Wann werden Kinder genauso geschützt wie Abgeordnete?
Heute hat der Bundestag angesichts der ins Unermessliche steigenden Infektionszahlen die Präsenzpflicht im eigenen Haus aufgehoben. Dies dient vermutlich der Sicherheit und dem Gesundheitsschutz der Abgeordneten, von denen jede und jeder, die das wünschen, inzwischen geboostert sind.
Gleichzeitig werden in vielen Bundesländern, darunter Bayern, Kinder gezwungen, sich täglich einem sehr hohen Ansteckungsrisiko auszusetzen. Von den Kindern unter 12 Jahren haben die meisten noch keine einzige Impfdosis erhalten, es gibt in den wenigsten Klassenzimmern Luftfilter und Masken werden nicht durchgängig getragen.
Es entsteht der Eindruck, dass die Gesundheit von Abgeordneten mehr wert ist als die Gesundheit von Kindern. Auch, wenn das Risiko für einen schweren Verlauf mit Krankenhausbehandlung bei Kindern im Promillebereich liegt, wissen wir noch viel zu wenig über die Langzeitfolgen einer Infektion, um bei einer ganze Generation in Kauf zu nehmen.
Sehr geehrte Frau B.,
Sie beziehen sich wahrscheinlich darauf, dass der Ältestenrat des Deutschen Bundestags Ende Januar die Präsenzpflicht für den Dienstag einer Sitzungswoche aufgehoben hat, um Infektionen einzudämmen. Zur Erläuterung: Normalerweise besteht eine Pflicht für Abgeordnete, von Dienstag bis Freitag täglich in einer Liste per Unterschrift ihre Anwesenheit zu bestätigen. Da am Dienstag grundsätzlich nur fraktionsinterne Treffen stattfinden und keine Sitzung des Plenums, wurde entschieden, zumindest an diesem Tag die Möglichkeit von Sitzungen per Videoschalten zu ermöglichen - je nach Fraktion wird dann neben der persönlichen Pflicht zur Anwesenheit auch die Möglichkeit zur digitalen Teilnahme erlaubt. An den Plenartagen jedoch herrschte und herrscht während der gesamten Pandemie auch weiterhin Präsenzpflicht.
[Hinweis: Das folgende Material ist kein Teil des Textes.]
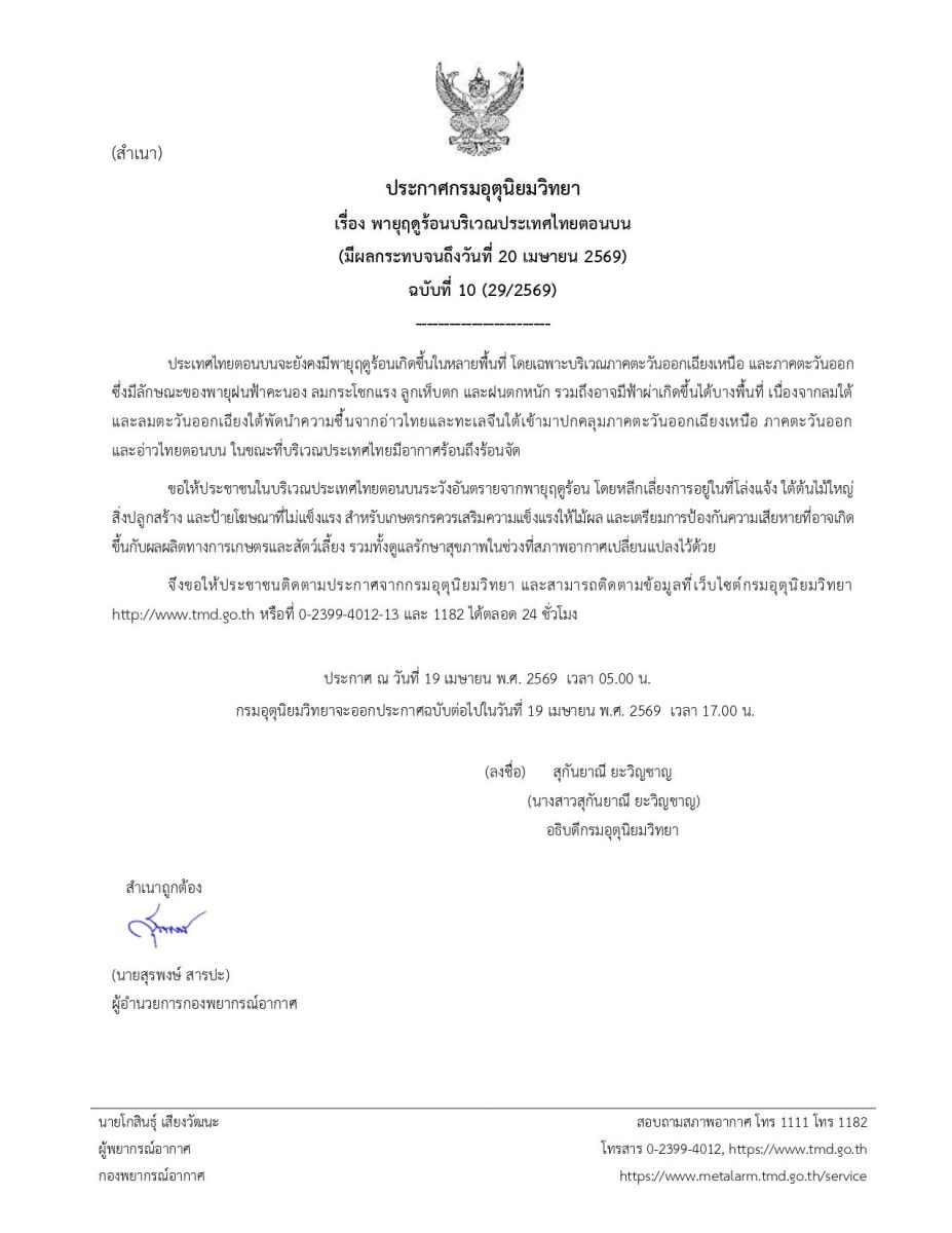 ประกาศกรมอุตุนิยมวิทยา เรื่อง พายุฤดูร้อนบริเวณประเทศไทยตอนบน (มีผลกระทบจนถึงวันที่ 20 เมษายน 2569) ฉบับที่ 10 (29/2569) ประเทศไทยตอนบนจะยังคงมีพายุฤดูร้อนเกิดขึ้นในหลายพื้นที่ โดยเฉพาะบริเวณภาคตะวันออกเฉียงเหนือ และภาคตะวันออก ซึ่งมีลักษณะของพายุฝนฟ้าคะนอง ลมกระโชกแรง ลูกเห็บตก และฝนตกหนัก รวมถึงอาจมีฟ้าผ่าเกิดขึ้นได้บางพื้นที่ เนื่องจากลมใต้และลมตะวันออกเฉียงใต้พัดนำความชื้นจากอ่าวไทยและทะเลจีนใต้เข้ามาปกคลุมภาคตะวันออกเฉียงเหนือ ภาคตะวันออกและอ่าวไทยตอนบนในขณะที่บริเวณประเทศไทยมีอากาศร้อนถึงร้อนจัด

Eine Abgeordnete kann nun mal nicht aus dem Homeoffice abstimmen.
Für meine Mitarbeiterinnen und Mitarbeiter und mich gelten ansonsten die Bestimmungen der Bundesländer, in denen sie arbeiten. In meinem Fall sind das Berlin und Bayern. Die Bundesländer sind auch zuständig für die Regelungen an den Schulen, wie Sie auch selbst schreiben. Dass im Januar noch keine Impfungen für Kinder unter 12 Jahren möglich waren, lag an der fachlichen Prüfung durch die Ständige Impfkommission - dies ist keine politische Entscheidung.
Für Luftfilter an Schulen und Kitas hatte der Bund im Sommer 2021 200 Millionen Euro zur Verfügung gestellt, Abruf und Umsetzung erfolgte über die Länder. Außerdem haben wir in einem Sofortprogramm für den Digitalpakt Schule 500 Millionen Euro bereitgestellt, um Kinder ohne Zugriff auf digitale Endgeräte die Teilhabe an digitaler Bildung zu ermöglichen und ein Lernen von zuhause zu erleichtern.
Das Aktionsprogramm "Aufholen nach Corona für Kinder und Jugendliche" hat für 2021 und 2022 zwei Milliarden Euro zur Verfügung und soll das Aufholen von Lernrückständen unterstützen.
Bildungspolitik ist ansonsten Ländersache. Im Bundestag haben wir keinen Einfluss darauf, welche Maßnahmen an den Schulen in Bayern ergriffen werden, das ist Sache der bayerischen Staatsregierung.